Data for review —
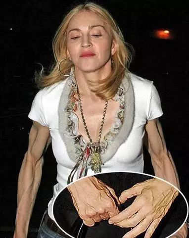 享誉全球的歌手麦当娜现已年近60,虽然脸部保养的很好,但是麦当娜的手已经不能用“鸡爪手”来形容了,简直就是“僵尸手”了。
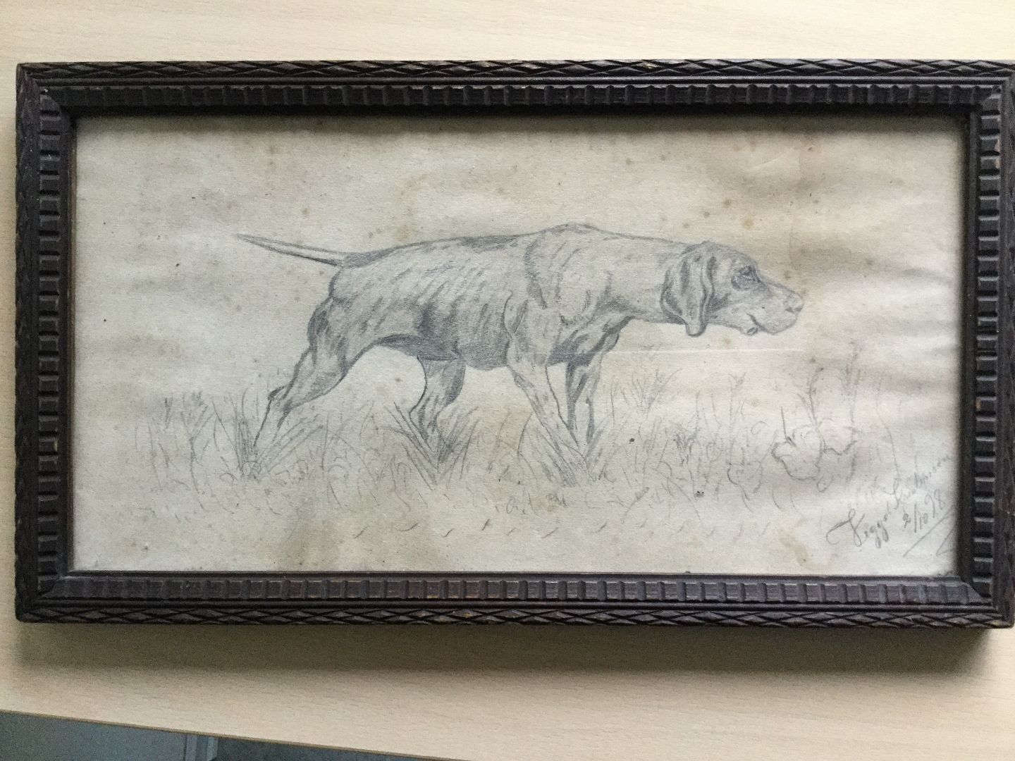 Text available in Danish: Tegning af Viggo Kristensen 1898 - Jagthund.
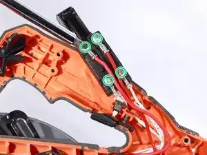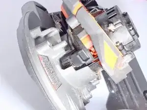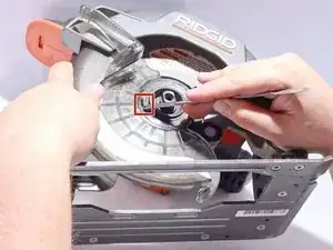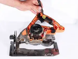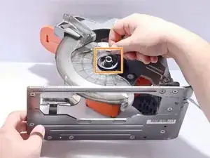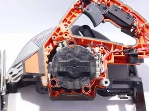 В этом руководстве показано, как заменить неисправный узел блокировки шпинделя. Симптомы неисправного или забитого узла блокировки шпинделя — невозможность остановить вращение диска менее чем за один полный оборот, либо если блокировка шпинделя не позволяет диску свободно вращаться после отпускания (заедание). Для получения дополнительной информации ознакомьтесь с нашим руководством по устранению неполадок. Перед началом снимите внутреннюю втулку фланца, рычаг глубины реза и верхнюю крышку, следуя руководству по внутренней втулке фланца и шагам 1–5 в руководстве по узлу переключателя.
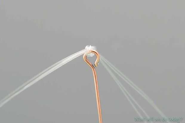 Tie cuatro pedazos de la línea de pesca a la vista del ojo abierto pin y recortar una línea a 1-1/4".  Cortar las otras tres líneas a 5/8".
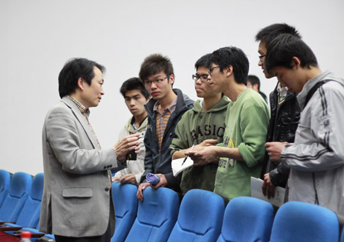 讲座结束后,仍有不少同学不愿离去,和丁总做了面对面交流,大家表示丁总精辟的论述、独到的见解使他们受益匪浅。
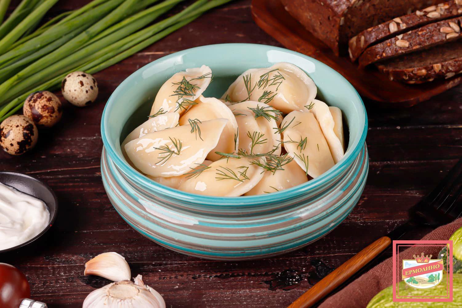 Традиционные вареники с картофельной начинкой — в меру соленые, сбалансированные по вкусу. Идеально сочетаются с маслом, сметаной и соусами ТМ «ЕРМОЛИНО».
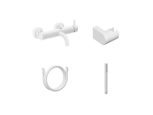 Elegáns fali kádcsaptelep zuhanyszettel White Velvet kifejezéssel. A RAVAK Espirit sorozat rejtett perlátor és kompakt kialakítása garantálja az esztétikus és funkcionális fürdőszobai megoldást.
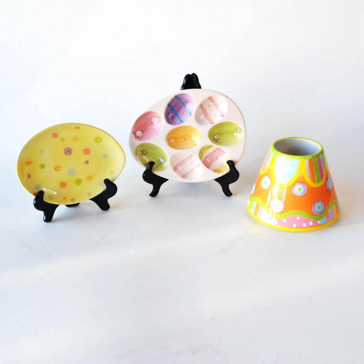Spring / Easter Decor Lot of 3 - Colored Easter Egg Plate, Candy Dish and Jar Candle Shade
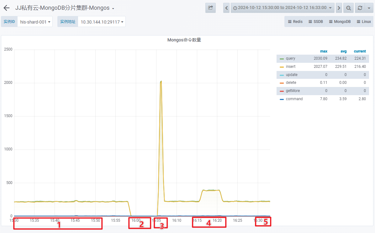 - Mongos 命令失败数量在上述时间段内均为 0。
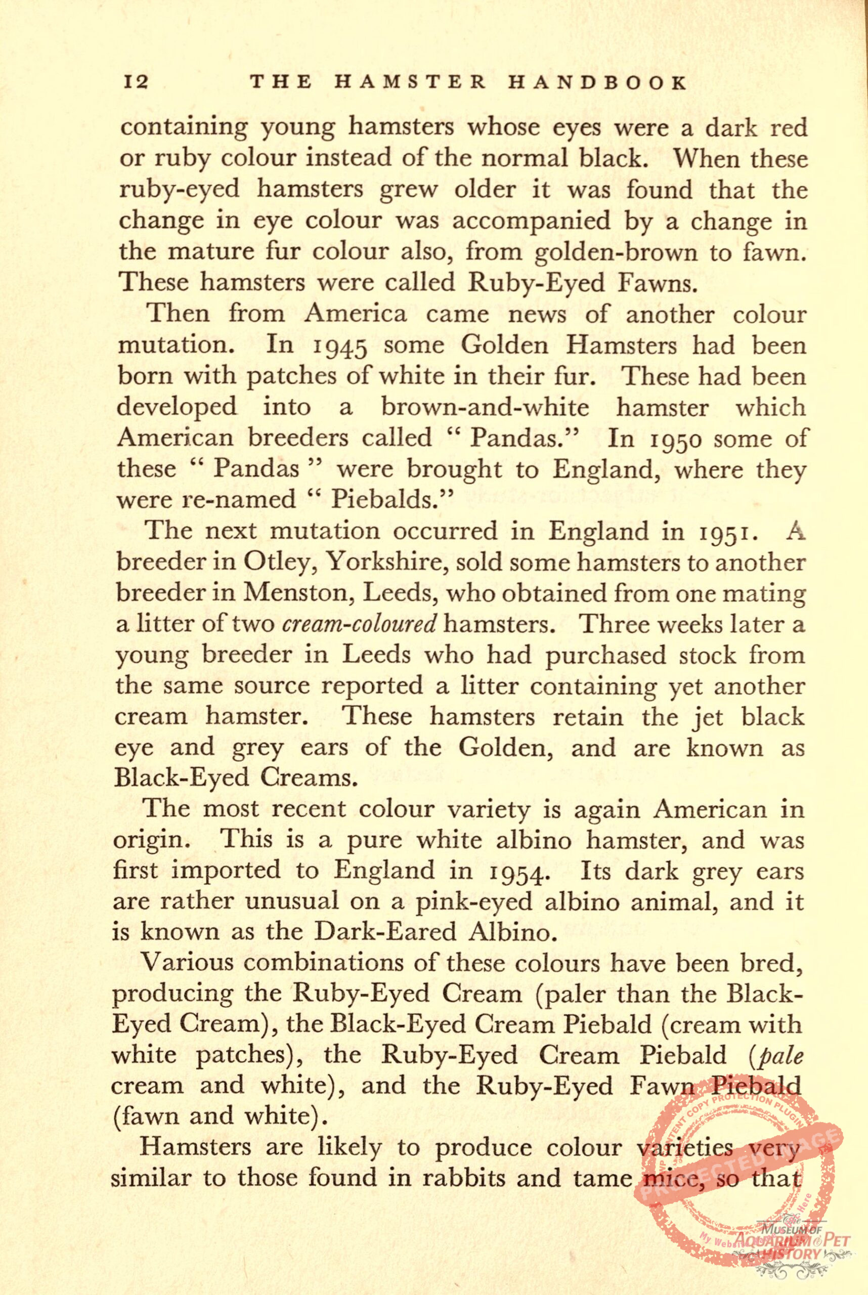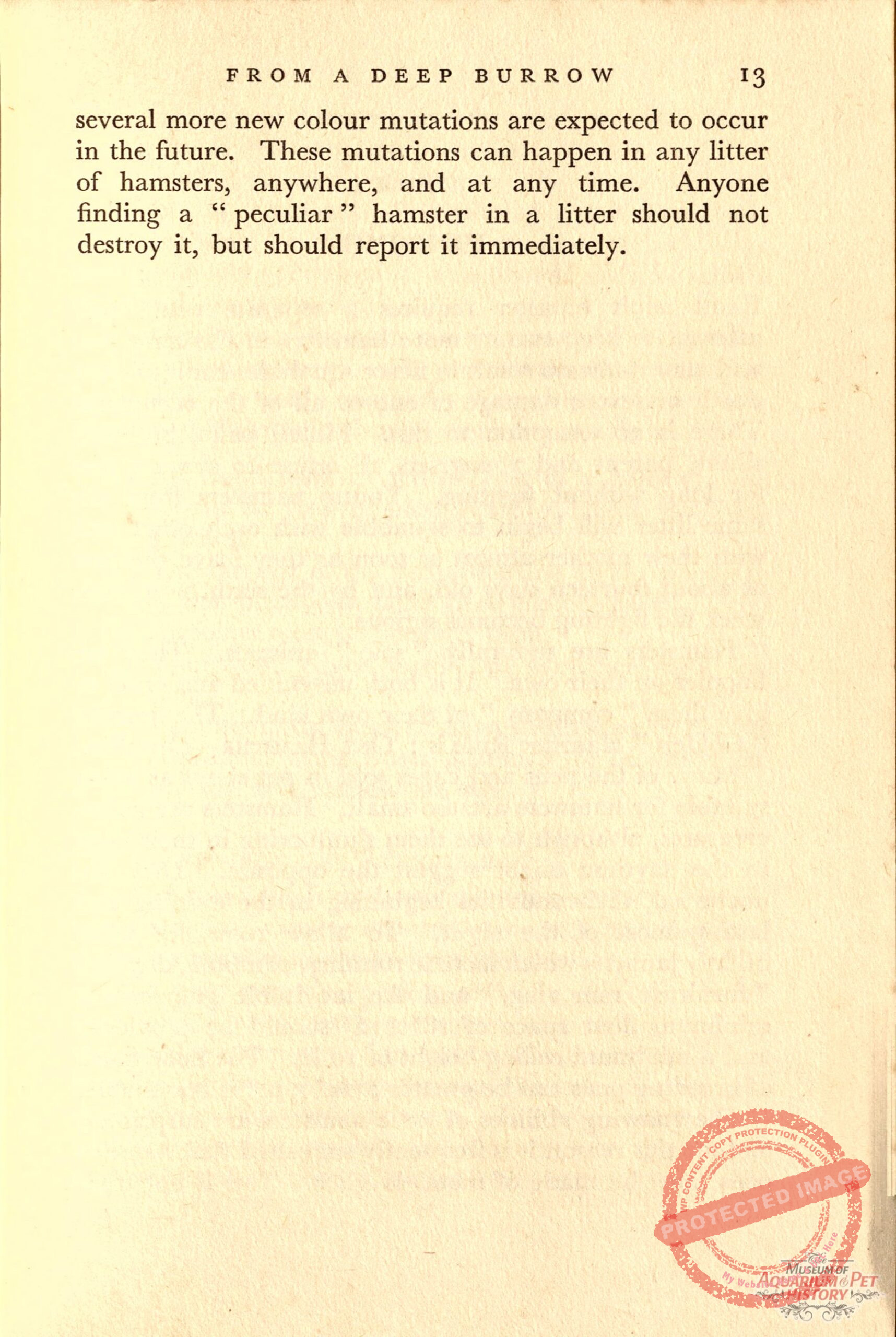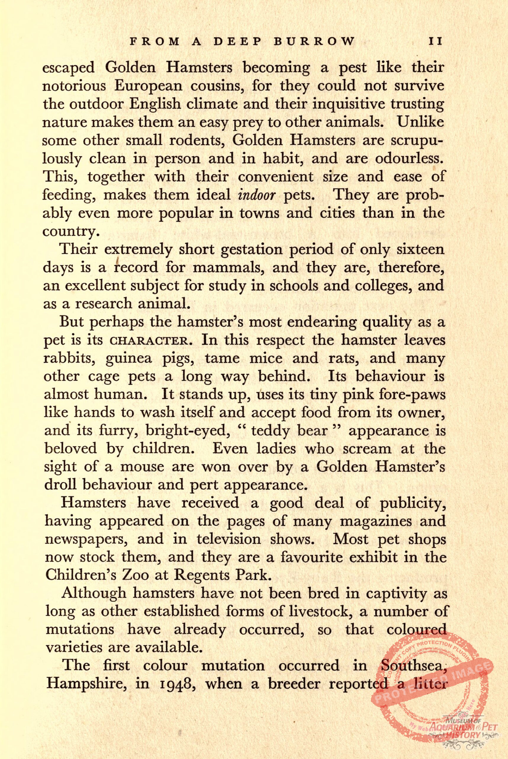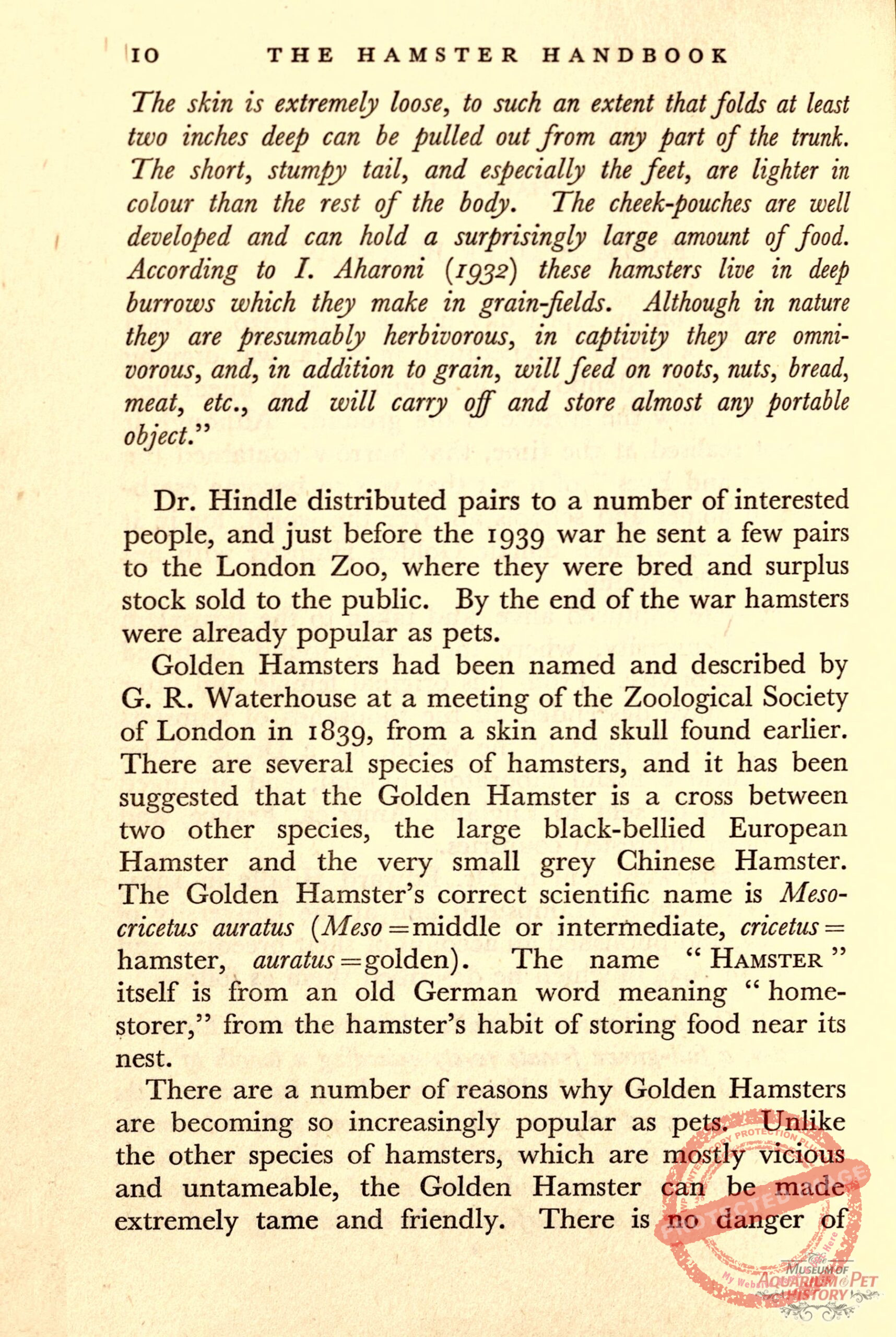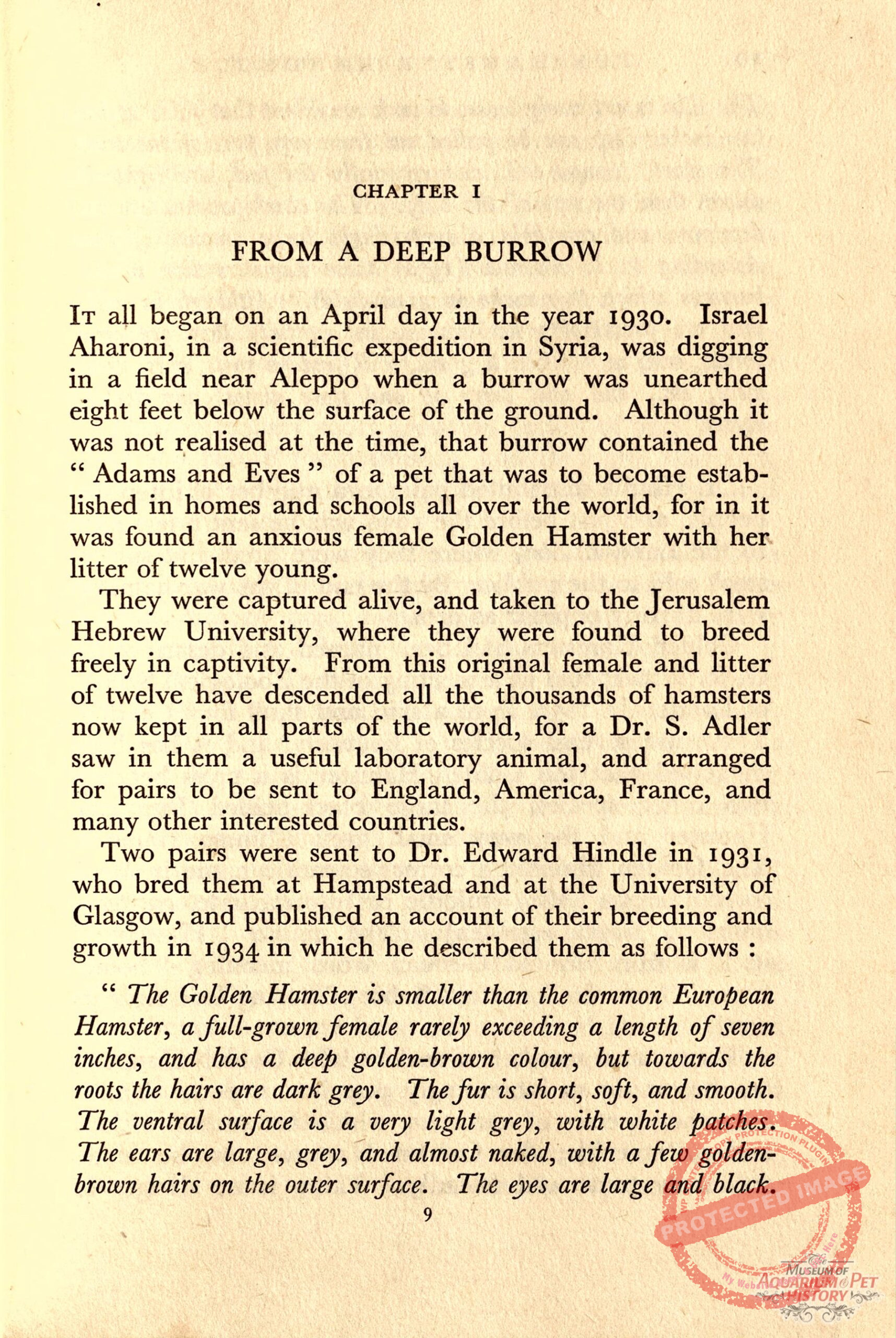 From a Deep Burrow (history of the first hamsters in captivity). Originally published in The Hamster Handbook by H. Deaton and T.W. Pond in 1956.

Activity — Leave out the pictures and print each record exactly as it stands.

Solution —
 享誉全球的歌手麦当娜现已年近60,虽然脸部保养的很好,但是麦当娜的手已经不能用“鸡爪手”来形容了,简直就是“僵尸手”了。
 Text available in Danish: Tegning af Viggo Kristensen 1898 - Jagthund.
 В этом руководстве показано, как заменить неисправный узел блокировки шпинделя. Симптомы неисправного или забитого узла блокировки шпинделя — невозможность остановить вращение диска менее чем за один полный оборот, либо если блокировка шпинделя не позволяет диску свободно вращаться после отпускания (заедание). Для получения дополнительной информации ознакомьтесь с нашим руководством по устранению неполадок. Перед началом снимите внутреннюю втулку фланца, рычаг глубины реза и верхнюю крышку, следуя руководству по внутренней втулке фланца и шагам 1–5 в руководстве по узлу переключателя.
 Tie cuatro pedazos de la línea de pesca a la vista del ojo abierto pin y recortar una línea a 1-1/4".  Cortar las otras tres líneas a 5/8".
 讲座结束后,仍有不少同学不愿离去,和丁总做了面对面交流,大家表示丁总精辟的论述、独到的见解使他们受益匪浅。
 Традиционные вареники с картофельной начинкой — в меру соленые, сбалансированные по вкусу. Идеально сочетаются с маслом, сметаной и соусами ТМ «ЕРМОЛИНО».
 Elegáns fali kádcsaptelep zuhanyszettel White Velvet kifejezéssel. A RAVAK Espirit sorozat rejtett perlátor és kompakt kialakítása garantálja az esztétikus és funkcionális fürdőszobai megoldást.
Spring / Easter Decor Lot of 3 - Colored Easter Egg Plate, Candy Dish and Jar Candle Shade
 - Mongos 命令失败数量在上述时间段内均为 0。
 From a Deep Burrow (history of the first hamsters in captivity). Originally published in The Hamster Handbook by H. Deaton and T.W. Pond in 1956.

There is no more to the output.